Towards the bottom I start to think about what's ahead, and when I open my eyes, I see it's another, even bigger hill. I wonder if I can make it up another one, my legs are pretty tired from the last one, and I didn't get much of a break.
I start to think of how much work it is to have just a few moments of bliss.
I climb another one. This time, as I'm going down, I come to a long straight stretch at the bottom, and I just pedal along for a while comfortably, but soon, another hill is on the path, and I'm really tired now. I'm not 13, I'm 33, and I'm out of shape. I haven't really tried to do anything like this in so many years.
I push on to make it over the next hill, my bike a little wobbly as I pedal so slowly up the hill I'm hardly keeping my balance. I get to the top. I stop. I just want to stay at the top now, the moments of bliss aren't seeming worth it. I stand there, and enjoy how beautiful things look from this veiwpoint, at this moment. My head clears, and then I begin to wonder how beautiful things will look from even higher, and off I go.
-- Edited by justadrunk on Monday 28th of May 2012 09:32:22 AM
-- Edited by justadrunk on Monday 28th of May 2012 09:32:58 AM
__________________
Thanks for everything. Peace and Love on your journey.

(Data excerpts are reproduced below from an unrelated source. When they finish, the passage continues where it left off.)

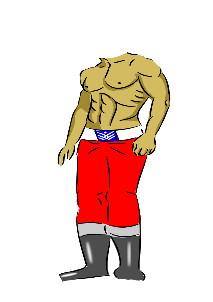 This features a cartoon drawing of a shirtless man wearing red pants and boots. He is posing with his hands on his hips, giving the impression that he's flexing his muscles. The color scheme of the drawing includes orange for the man's skin tone and red for his clothing. This unique character appears to be a mix between a bodybuilder and Santa Claus, as he is wearing a Santa hat on top of his head.
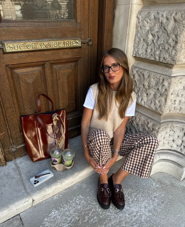 Finishing the look, deep brown loafers echo the warm hues of the leather handbag and sunglasses, tying everything together. It’s a grounded yet elevated way to wear neutrals that still feels full of personality.
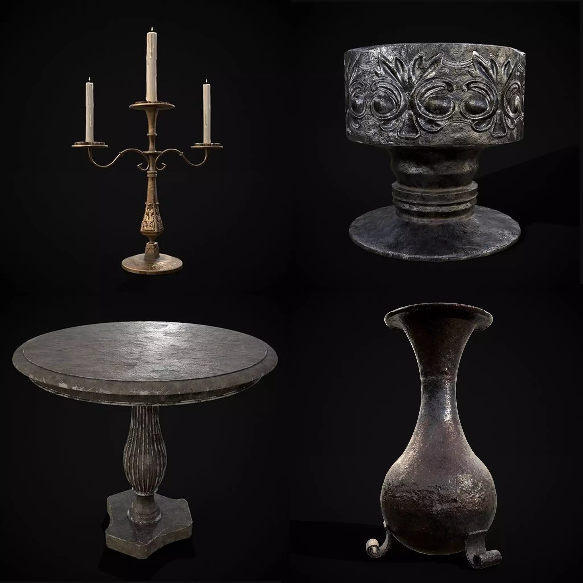 Medieval Prop Mix Fifty Two - 3D Model - Files Include FBX and OBJ. Includes PBR Texture in 4096 x 4096. - Maps include : Basecolor, Normal, Roughness, Height and Metallic. All Preview renders were done Marmoset Toolbag 4 Scaled to real world scale. Customer Service Guaranteed. From the Creators at Get Dead Entertainment. Please like and Rate! Follow us on FaceBook and Instagram to keep updated on all our newest models.
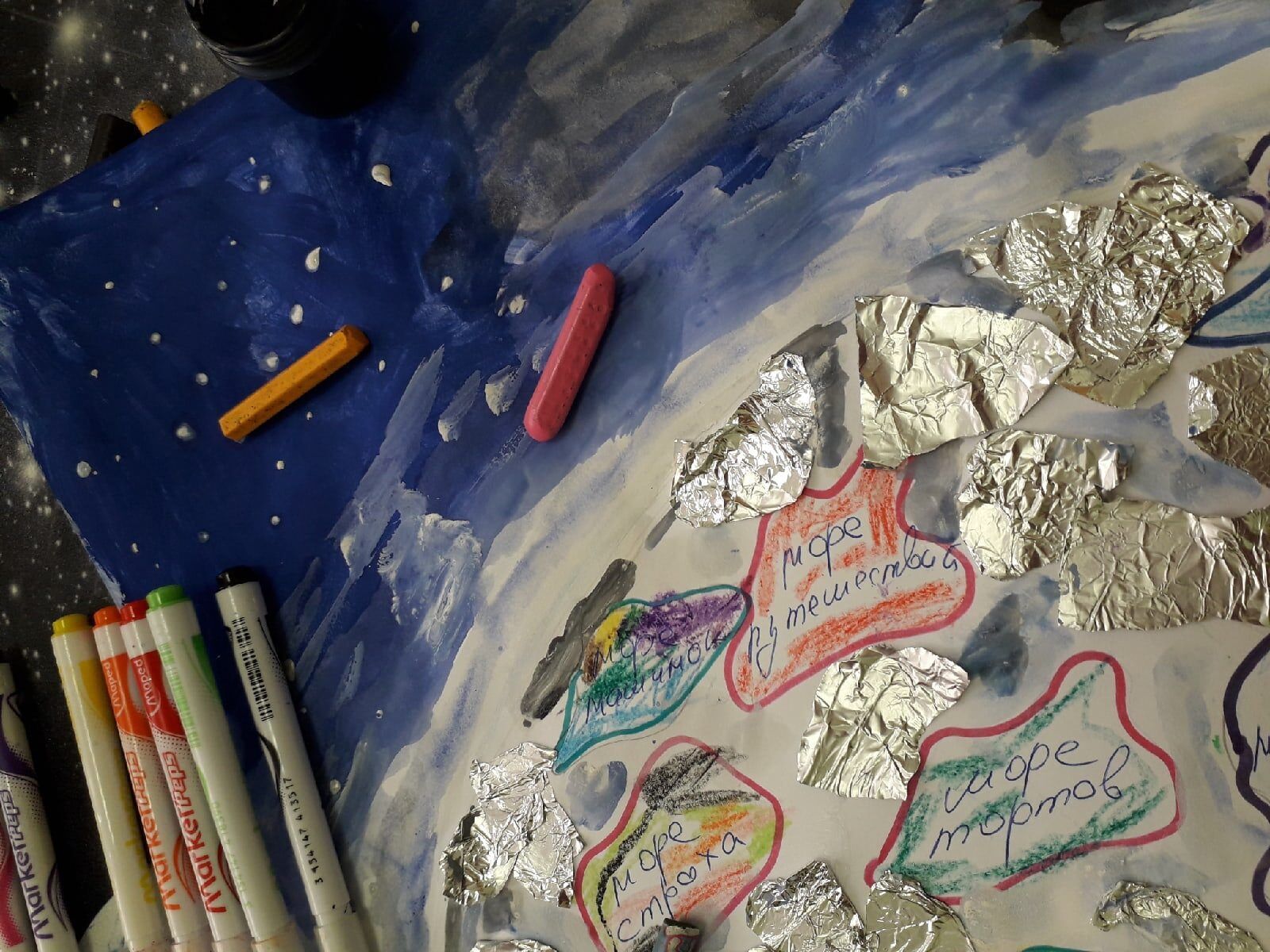 Материалы: карта Луны; видеосюжеты о космосе и исследования Луны, Лунных морей; фольга; фломастеры, линеры, мелки, карандаши; клей, ножницы; элементы декора (стразы, наклейки).
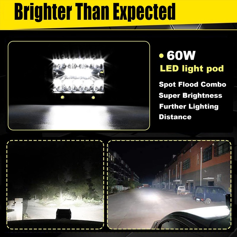 - [BRIGHTNESS]:Our Pod lights build-in 20 PCS high intensity 3W LED,high-quality Led chips and clear PC lens,this LED pod emits 6000k pure white light,achieving lighting effects of 60W/12000LM,effectively light up the dark road during night.
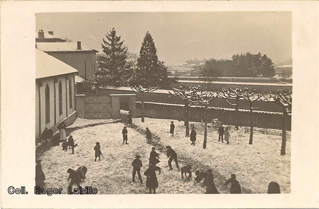 Mais à Romanèche-Thorins il tombe aussi de la neige pour la plus grande joie des enfants de l'école
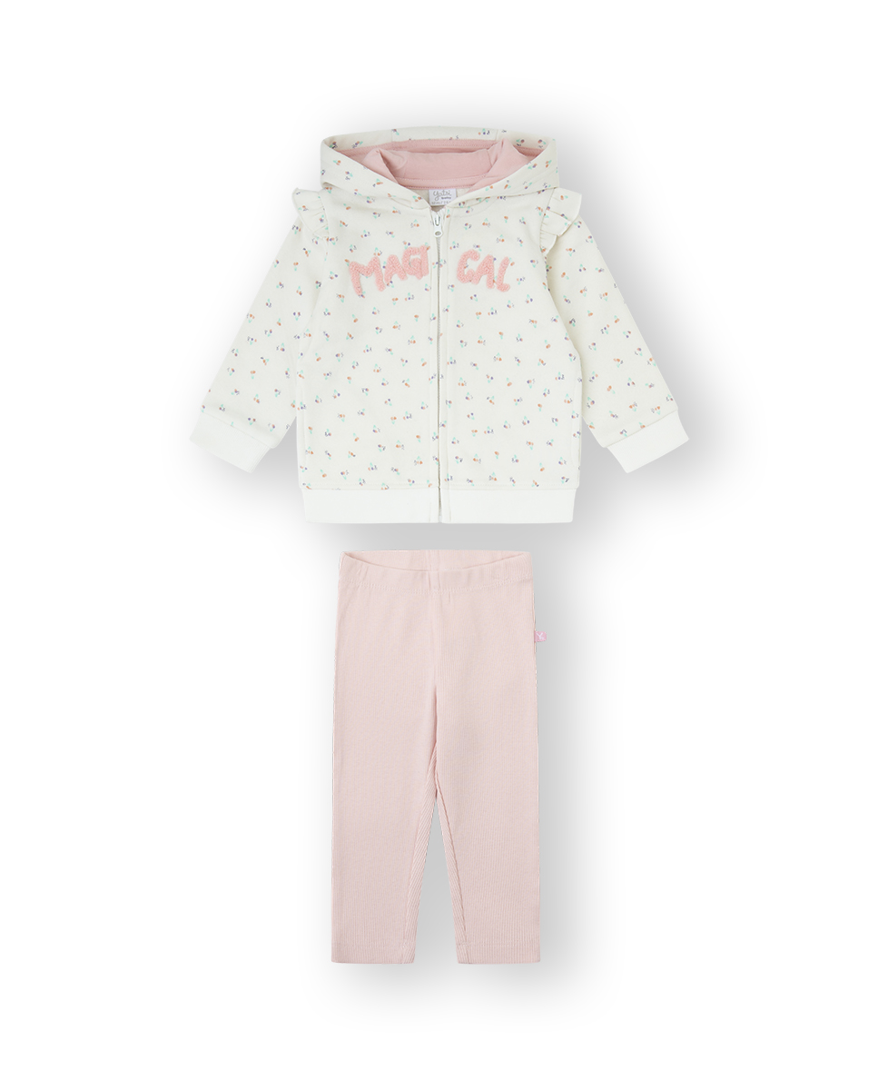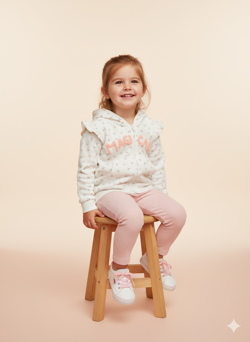 A menina veste uma sweatshirt cremosa com capuz, folhos delicados e estampado floral, com a palavra MAGICAL em relevo macio, combinada com calças caneladas rosa-claro.
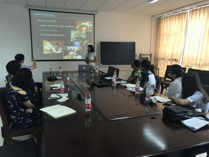 凯莉分别于6月26日与6月29日的上午在环境科学与工程学院的会议室与吕建燚的课题组成员进行了学术交流。课题组成员听取了凯莉的报告,报告内容包括“combustion particles and health effects”、“using low-cost sensors to understand air quality and exposure”、“life-cycle assessment and emerging energy sources”等等。小组成员在听取了报告之后提出了许多学术问题与博士进行交流。凯莉耐心的解答成员们的疑问且提出了许多指导意见,并向课题组成员展示了她的团队所研发出的pm2.5检测设备,课题组成员表示受益良多。

God bless you, Tasha. glad you are here. at 58 i am content to enjoy the beauty of your journey through your eyes. my goals and growth are just as exciting, but, admittedly come at a much slower pace. so glad you share your heart with us. we are staying sober together understanding we only 'have' today. there are no more coulda woulda shouldas to mope over, just conquer the next freaking hill the best we can and enjoy the exertion and the view. it isn't the destination, it is the journey that counts. keep coming back. love you, sheila/jj
I start to think of how much work it is to have just a few moments of bliss.
This resonated with me in probably a different context than you meant it but...

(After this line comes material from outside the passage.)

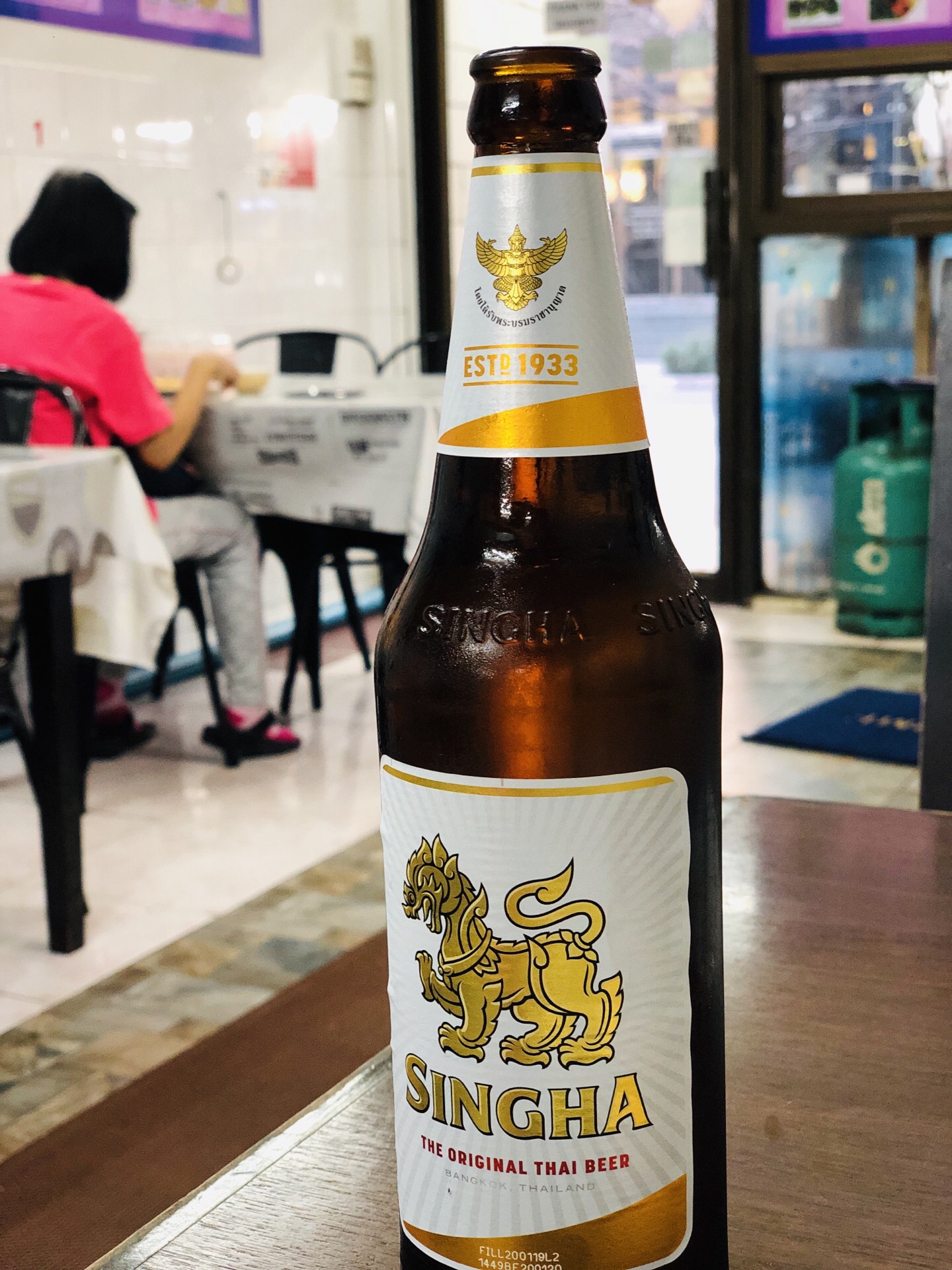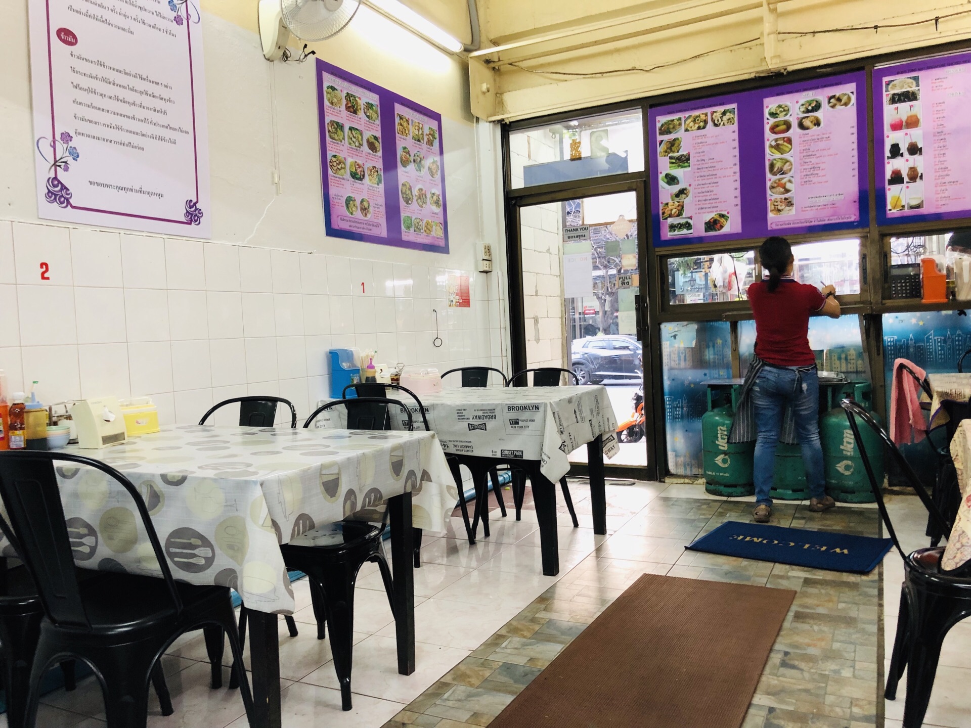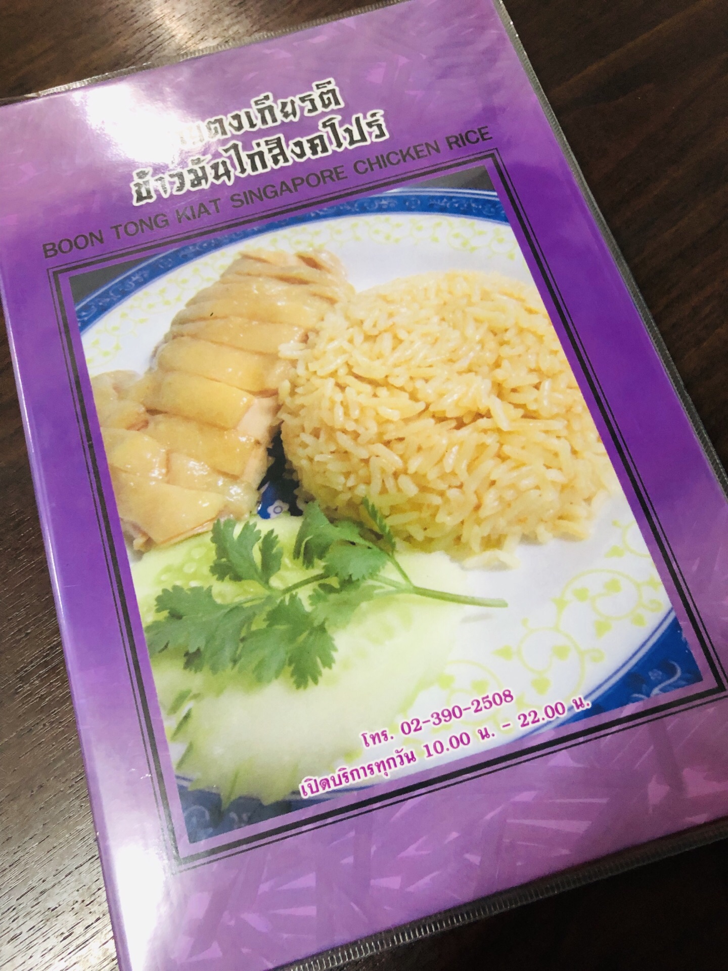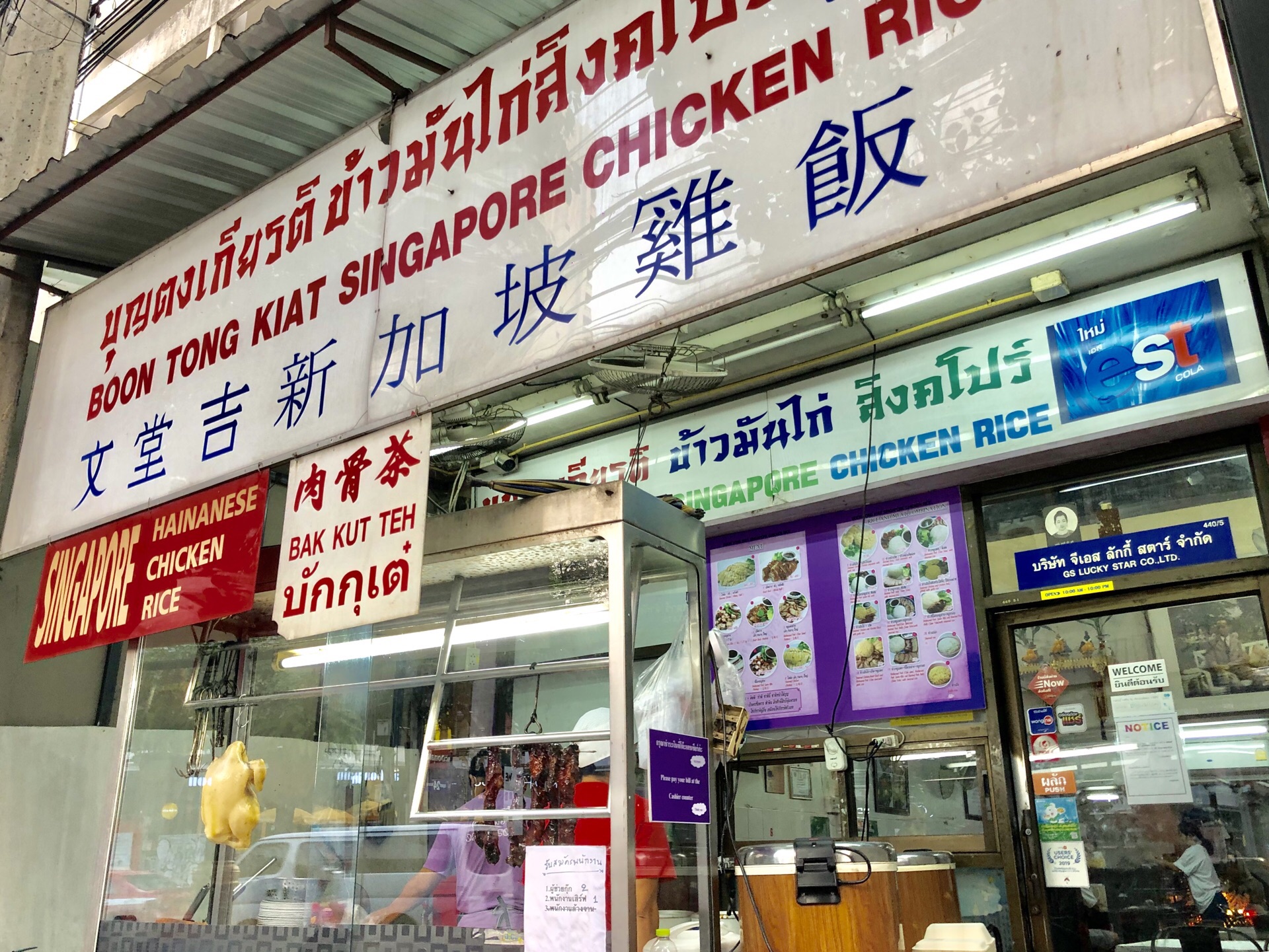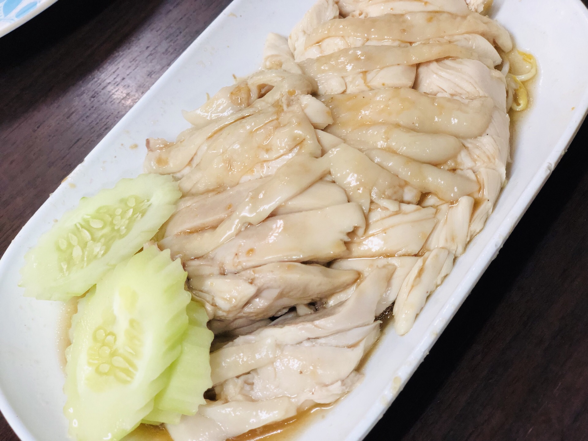 超级喜欢素坤逸这个区域,很多吃喝的地方,酒店也蛮喜欢的,所以来曼谷我一般都住这个地段,熟悉且比较方便。这家是做新加坡鸡饭的,不知道老板是不是南洋人。看看环境还行,淡紫色的,就进去吃点坡国的白斩鸡。都是调味好的,很嫩,鸡肉不错吃,点了一份不要米饭的,加了啤酒,估计这几天喝下来要啤酒肚了。 另外还送了一碗汤,没啥特别的味道,反正又不吃米饭。蔬菜就是空心菜,加了蒜头炒炒还挺好吃的。煎的香菇有点偏干,吃了一半就腻了。

How much work it became to escape into the bottle and get the illusion of bliss. It is easier for me to forgo the moments of escape and enjoy the moments without alcohol.
I start to think of how much work it is to have just a few moments of bliss.

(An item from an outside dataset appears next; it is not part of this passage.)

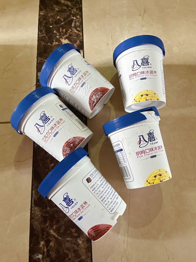 八喜桶装有大桶1100g、中桶550g、小桶283g,活动性价比最高的那肯定是1100g了,一次活动可能要3桶起,大桶最要考虑的是冰箱冷藏够不够放,朗姆口味里面是带葡萄干的,没有香草味那么甜,目前出了很多新口味,等打折了,一定全部买回来试一试。
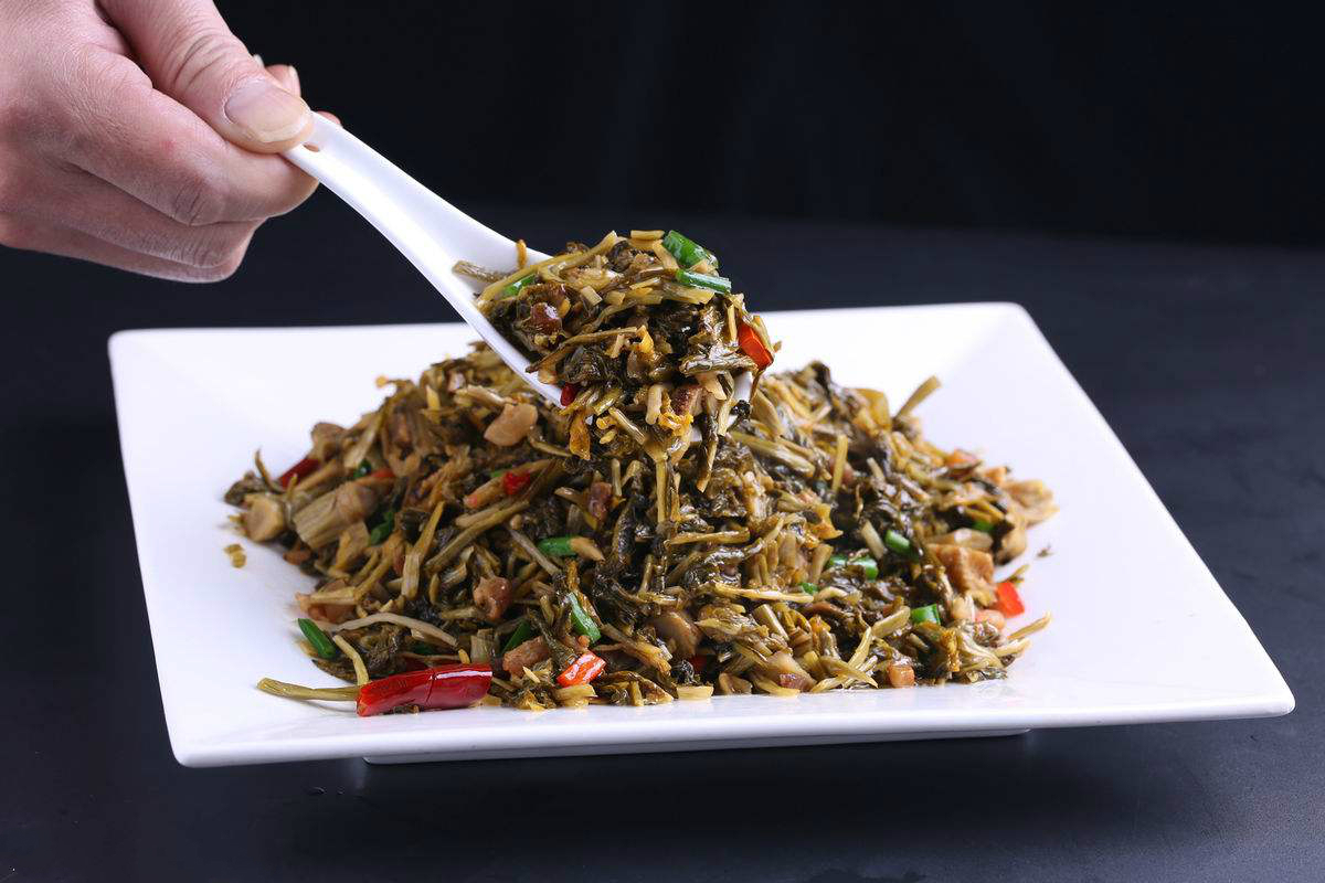 腌菜干是我读初中寄宿学校时候经常吃的。我祖父常给我说,吃过三瓮腌菜干,方能读得圣贤书。我确实是吃了许多腌菜,家里物质不宽裕,母亲每次给我炒一大罐的腌菜,能吃上一周。炒的腌菜很简单,只加点茶油和辣子,有时母亲加两块肥肉在里面炒,似乎更香了。家乡有一味菜,叫腌菜猪肉,我很爱吃。热天的时候,肉容易坏,家里买了点肉,肥肉居多,又舍不得一餐吃完,于是和着腌菜一起蒸烂,肉的味道又酸又香,不腻很下饭,肉保存的时间也长,腌菜入了荤油,也变得更有味了。

_______________________________________
Angell wrote:
How much work it became to escape into the bottle and get the illusion of bliss. It is easier for me to forgo the moments of escape and enjoy the moments without alcohol.
Angell you helped me make a connection here. I'm always pounding my keyboard about getting out into the NOW! Taking a walk early in the morning to hear the birds sing and watch other animals come out and do they're thing. A walk through the woods are down by a lake. By I never thought of it as "moments of escape and enjoy the moments without alcohol." We all need to escape what's between our ears with a trip to reality, which would feel like "La La" land compared to the usual self centered crap going on in our head.
Great stuff Tasha. I can remember my first real test in sobriety. The hill I had to climb seemed so insurmountable, but the payoff was huge. Thanks for reminding me of that.